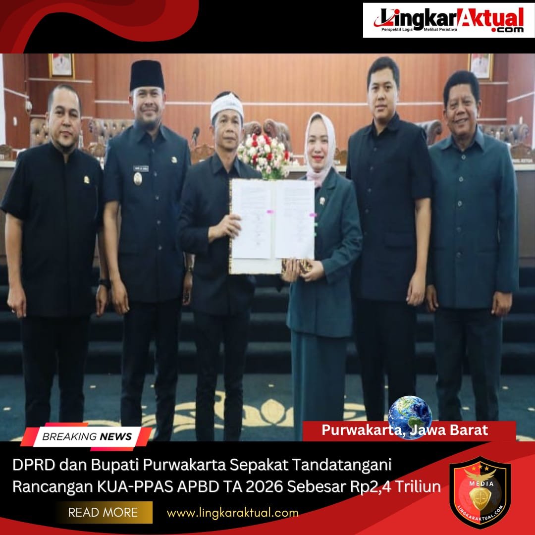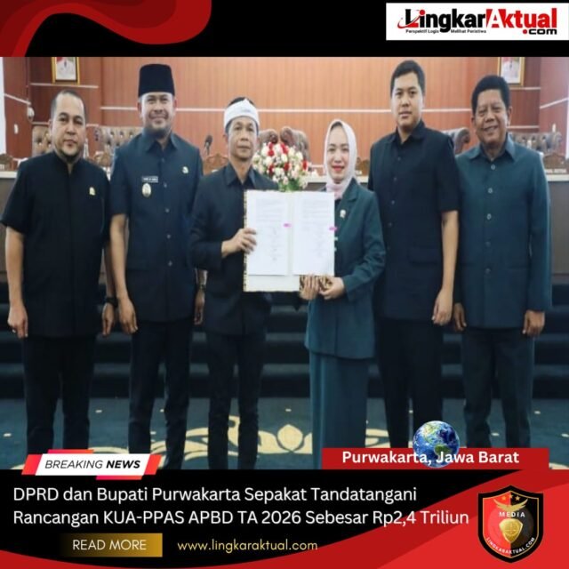 PURWAKARTA, JAWA BARAT || LINGKARAKTUAL.COM || – Selasa, 21 Okt 2025 – Dewan Perwakilan Rakyat Daerah (DPRD) Kabupaten Purwakarta bersama Bupati Purwakarta, Saepul Bahri Binzein, telah mencapai kesepakatan untuk menandatangani Rancangan Kebijakan Umum Anggaran (KUA) dan Rancangan Prioritas Plafon Anggaran Sementara (PPAS) Anggaran Pendapatan dan Belanja Daerah (APBD) Kabupaten Purwakarta Tahun Anggaran 2026.
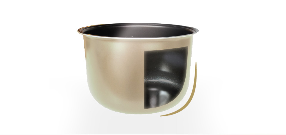 讓米粒受熱更均勻,使米粒更香更飽滿。弧形外形有助熱力均勻對流,善用每分熱能,節能環保,並保持長時間高溫烹調,煮出美味。
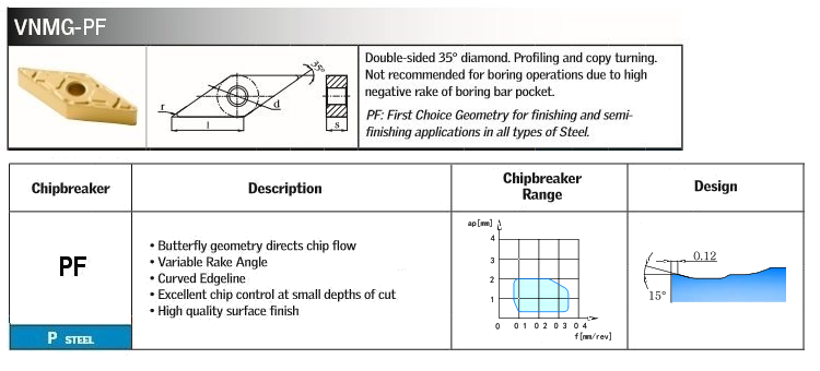 CVD ISO TURNING/BORING INSERT (ISO# VNMG160412PM DC4125)
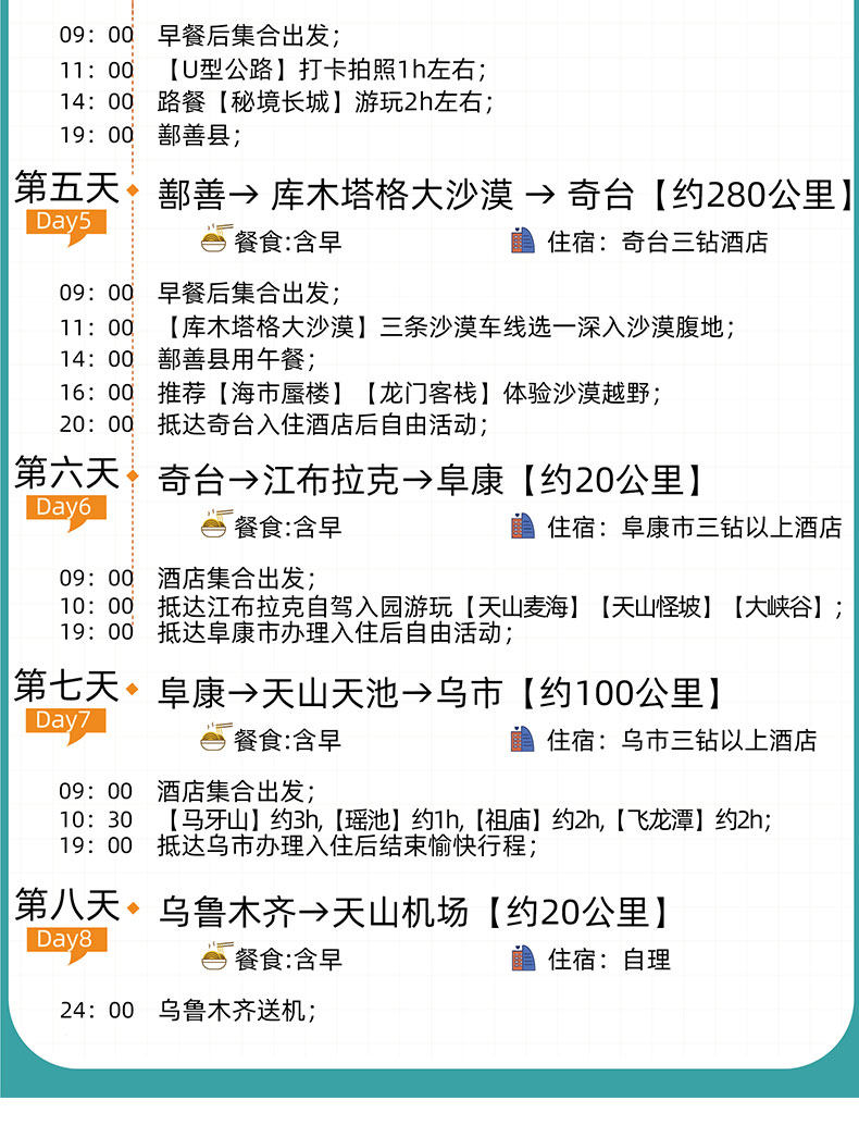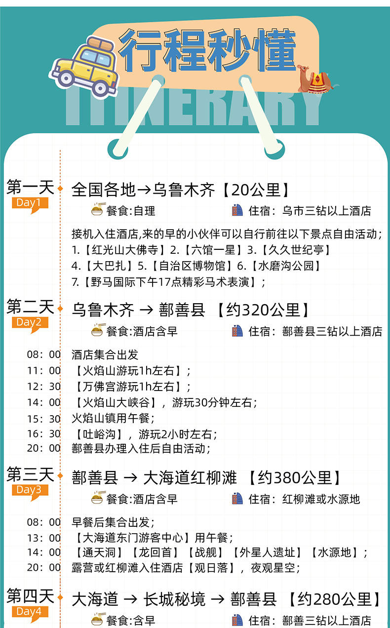 餐饮说明:沿途或景区用午餐,请自理。也可自带简餐零食。
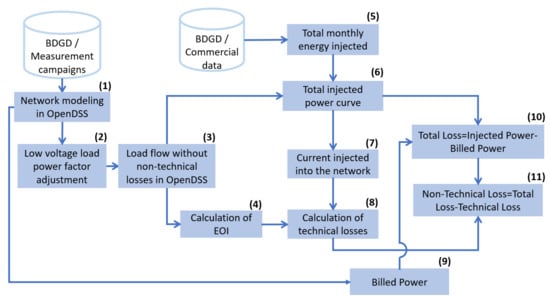 With regard specifically to non-technical losses, for their detection and identification, most of the published work involves the development of statistical techniques and computational intelligence in order to detect irregular energy consumption patterns [15,16,17]. From the identification of suspected locations of non-technical losses and the estimation of their magnitudes, the methodologies already covered include them in the global balance of energy losses.
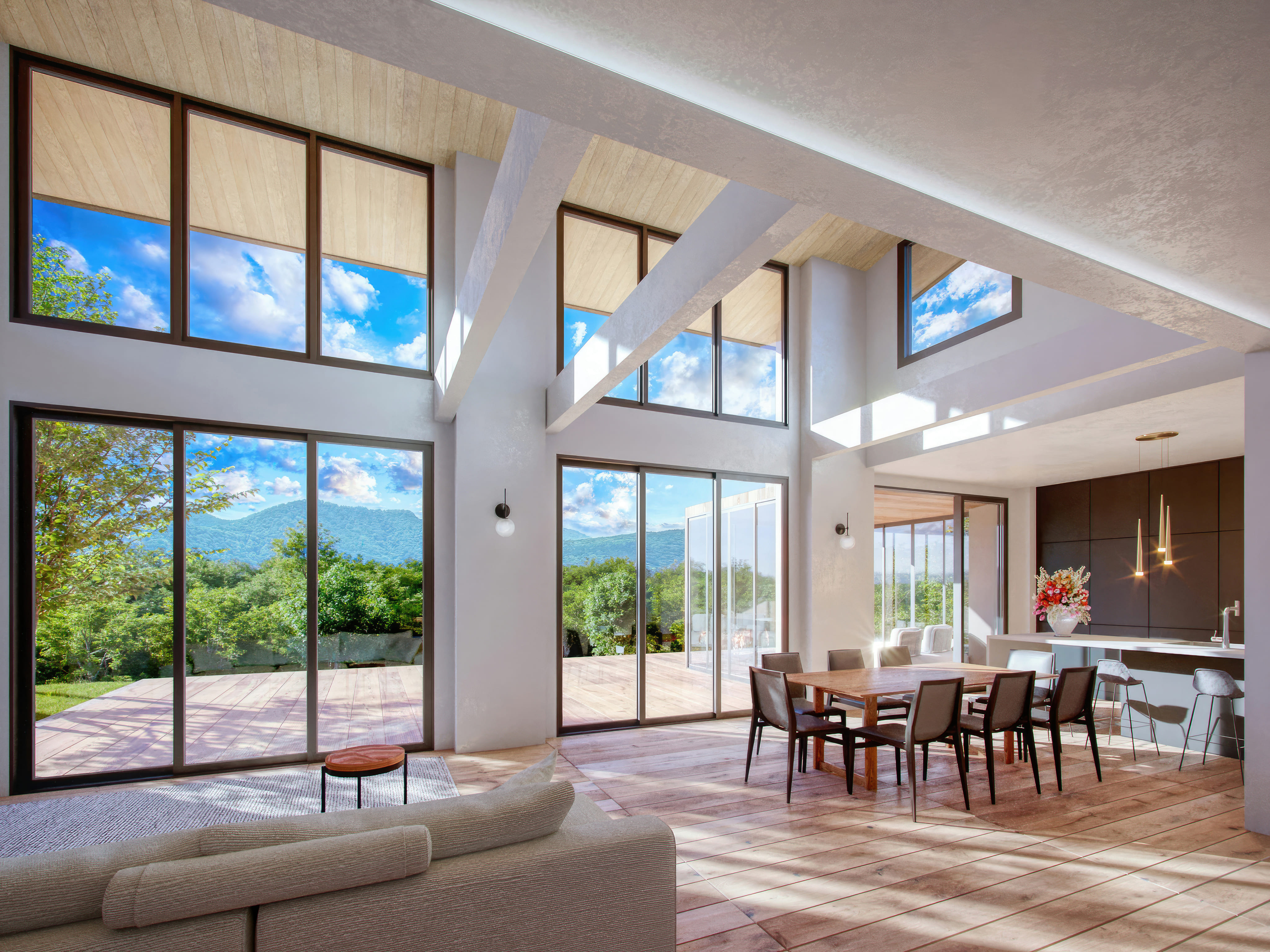 本プロジェクトは、那須高原の豊かな自然と調和した建築デザインとモダンな内装が特徴です。
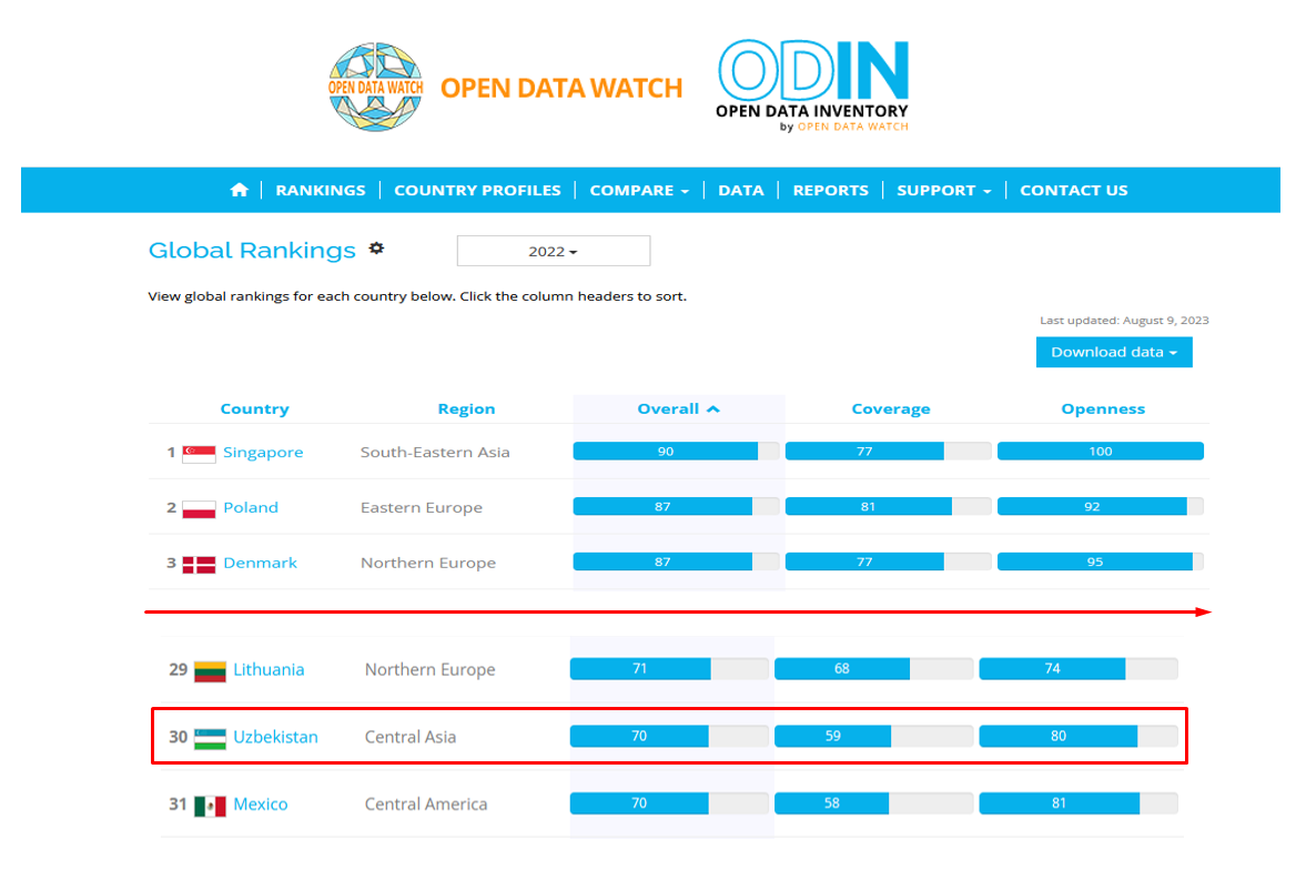 Oʻzbekiston Respublikasi Open Data Inventory (ODIN) ochiq ma’lumotlar reytingida 70 ball toʻplagan holda dunyoda 30-oʻringa ko‘tarildi. Mazkur natija mamlakatimizda ochiqlik sohasida amalga oshirilayotgan islohotlarning yaqqol ifodasidir. Open Data Inventory (ODIN) ochiq ma’lumotlar reytingida 195 ta mamlakat baholandi.

____

#### Prompt
What you give back should be exactly the lines from the top of the data above down to and including the line with "本プロジェクトは、那須高原の", minus any pictures.

#### Reply
 PURWAKARTA, JAWA BARAT || LINGKARAKTUAL.COM || – Selasa, 21 Okt 2025 – Dewan Perwakilan Rakyat Daerah (DPRD) Kabupaten Purwakarta bersama Bupati Purwakarta, Saepul Bahri Binzein, telah mencapai kesepakatan untuk menandatangani Rancangan Kebijakan Umum Anggaran (KUA) dan Rancangan Prioritas Plafon Anggaran Sementara (PPAS) Anggaran Pendapatan dan Belanja Daerah (APBD) Kabupaten Purwakarta Tahun Anggaran 2026.
 讓米粒受熱更均勻,使米粒更香更飽滿。弧形外形有助熱力均勻對流,善用每分熱能,節能環保,並保持長時間高溫烹調,煮出美味。
 CVD ISO TURNING/BORING INSERT (ISO# VNMG160412PM DC4125)
 餐饮说明:沿途或景区用午餐,请自理。也可自带简餐零食。
 With regard specifically to non-technical losses, for their detection and identification, most of the published work involves the development of statistical techniques and computational intelligence in order to detect irregular energy consumption patterns [15,16,17]. From the identification of suspected locations of non-technical losses and the estimation of their magnitudes, the methodologies already covered include them in the global balance of energy losses.
 本プロジェクトは、那須高原の豊かな自然と調和した建築デザインとモダンな内装が特徴です。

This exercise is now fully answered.